Women ‘compete better in teams’

Women are much more willing to compete as part of a team than as individuals, according to new research which could have implications for the design of competitive environments, such as elections and corporate career ladders.

Women are much more willing to compete as part of a team than as individuals, according to new research which could have implications for the design of competitive environments, such as elections and corporate career ladders.

The study by Professors Andrew Healy and Jennifer Pate from Loyola Marymount University in Los Angeles,   found nearly two thirds of the gap between men and women in the likelihood of them choosing to enter a competition – the so-called ‘gender competition gap’ –  disappears when people compete in two-person teams rather than as individuals.

The study, to be published in the September issue of the Economic Journal, found competing in teams seems to level the playing field, encouraging a higher number of qualified women to take part and discouraging unqualified men. The researchers say this should ultimately help organisations to select the most qualified leaders.

In Healy and Pate’s experiment, the participants had to answer a series of addition problems as quickly as possible. Participants in teams decided whether they wanted to be paid according to the number of problems their two-person team answered correctly or whether they wanted to enter a competition against three other teams. Individual participants decided whether they wanted to compete against three other individuals.

The results show:

– Even though men and women performed equally well on the task, 81% of men chose to compete as individuals compared with just 28% of women.

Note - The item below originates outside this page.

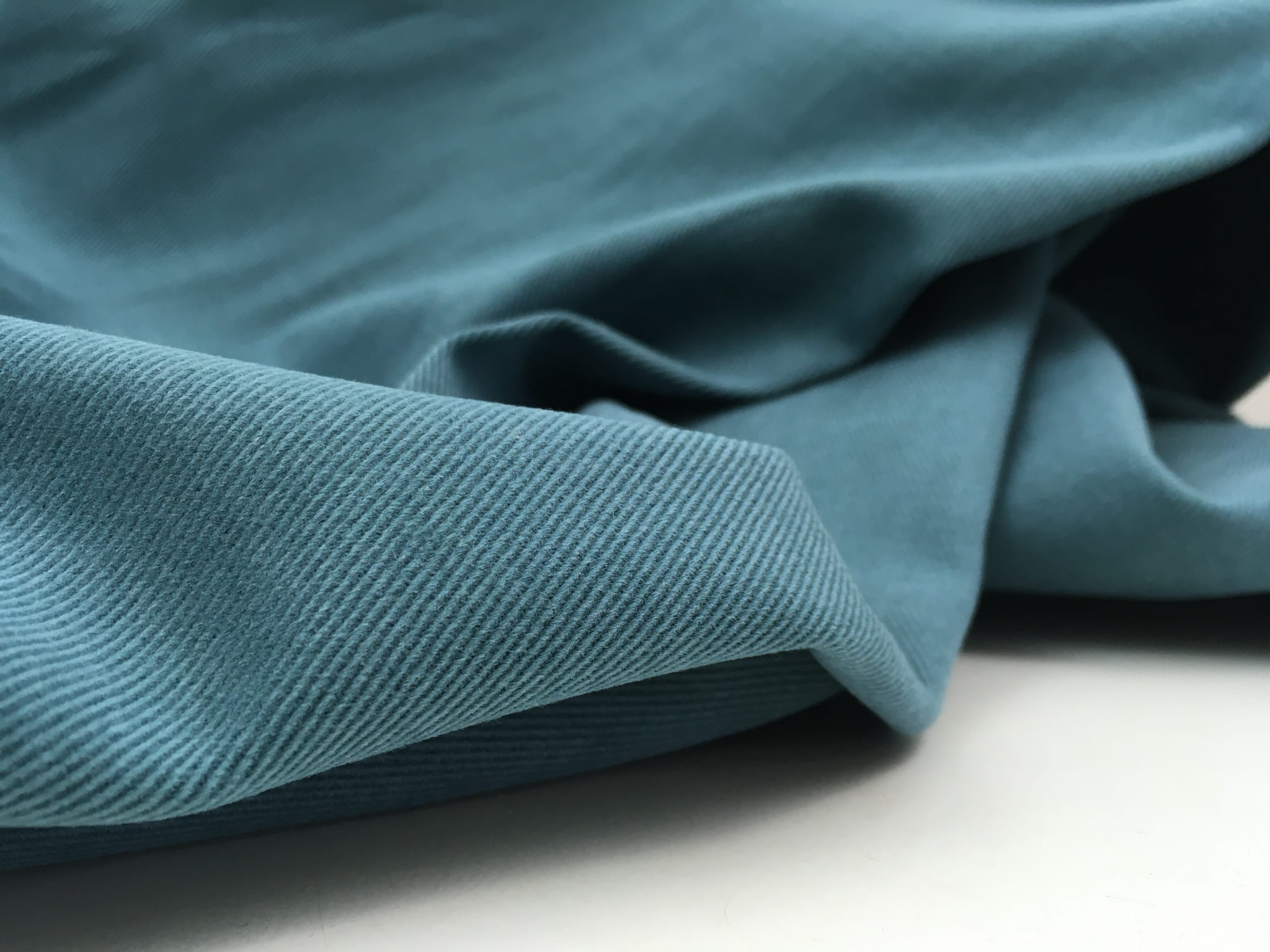 Mocny materiał o skośnym splocie i delikatnie zamszowej fakturze. Ładnie połyskuje w świetle. Jest przyjemny w dotyku. Doskonale sprawdzi się w szyciu kurtek typu katany, kamizelek, ogrodniczek, spodni, spódnic, sukienek oraz jako materiał obiciowy. Ma widoczne i wyczuwalne prążki typu sztruks.

- In contrast, when participants competed in teams the gap shrank by 31 percentage points to 22%, with 67% of men choosing to compete and 45% of women entering the competition.

- Competing in two-person teams made men less likely to compete and women more likely to compete.

- The reduction in the gender competition gap seems to have come about because women simply tend to feel more comfortable competing in teams, while men feel more comfortable competing as individuals.

Previous research has shown that a man is much more likely to choose to compete compared with a woman, even when the two are equally good at a given task. This new study indicates that the gender competition gap can be narrowed by simple changes to the environment in which competitions are held.

The researchers say the gender competition gap helps to explain part of the continuing lack of women in positions of power – women continue to hold fewer than 5% of CEO positions at Fortune 500 companies.

They add that it appears to be the case that women often opt out of entering these competitive environments, even though they attract unqualified men. As a result, the gender competition gap may lead organisations to fail to select the most qualified leaders, they say.

The researchers say:  "There is already evidence of markedly higher participation by women in electoral politics in places with party lists than in places where a single person is elected to represent a district. For example, in Germany and New Zealand, where some representatives are elected by each method, women are about three times more likely to be elected from the team-based competitions than the individual ones. Similar emphasis on teams in other fields may lead more qualified women to choose to compete."